[What is expected]:
Output the first line of the listing and each line after it, up to and including the line that contains "Baleshwar (56 km)", exactly as written, minus the pictures.

[Dataset content]:
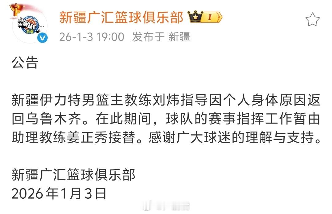 新疆男篮官宣:球队的赛事指挥工作暂由助理教练姜正秀接替。cba新疆男篮小卢篮球世界
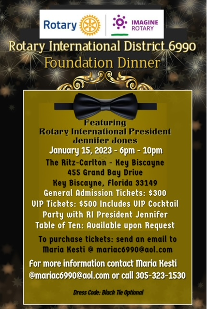 Jennifer Jones President, Rotary International 2022-2023, To raise funds for the Foundation/tickets are limited to 500, of which 100 will be VIPs! Ritz Carlton, 455 Grand Bay Drive, Key Biscayne 33149 on Sunday, January 15th, 2023, 6 pm-10 pm. We have reserved two tables.
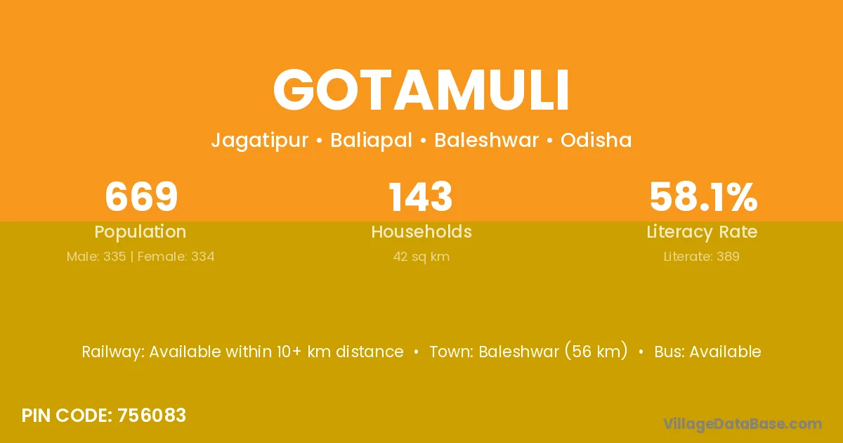 Baleshwar (56 km) is the nearest town to Gotamuli village for major economic activities and is located approximately 56 km away.
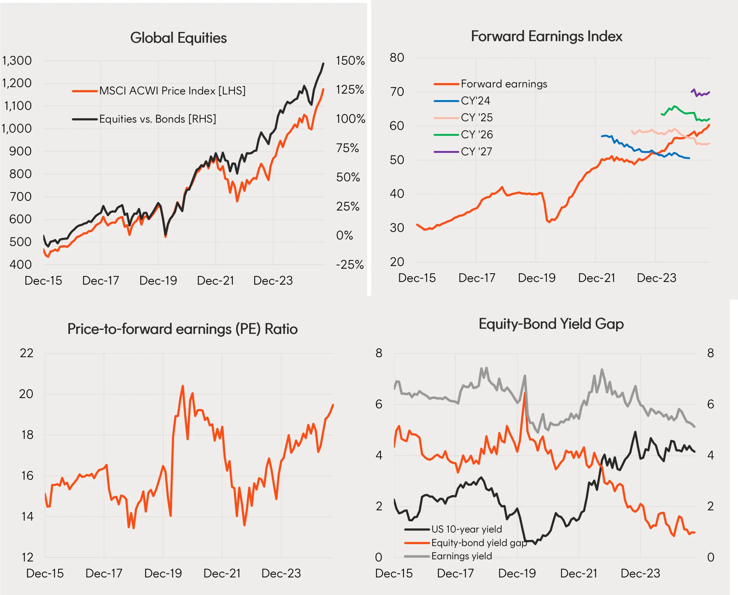 - Earnings expectations edged up a little further in September following downgrades earlier this year. Current earnings expectations remain consistent with solid 16% growth in forward earnings by end-2026.

[Reply to the exercise]:
 新疆男篮官宣:球队的赛事指挥工作暂由助理教练姜正秀接替。cba新疆男篮小卢篮球世界
 Jennifer Jones President, Rotary International 2022-2023, To raise funds for the Foundation/tickets are limited to 500, of which 100 will be VIPs! Ritz Carlton, 455 Grand Bay Drive, Key Biscayne 33149 on Sunday, January 15th, 2023, 6 pm-10 pm. We have reserved two tables.
 Baleshwar (56 km) is the nearest town to Gotamuli village for major economic activities and is located approximately 56 km away.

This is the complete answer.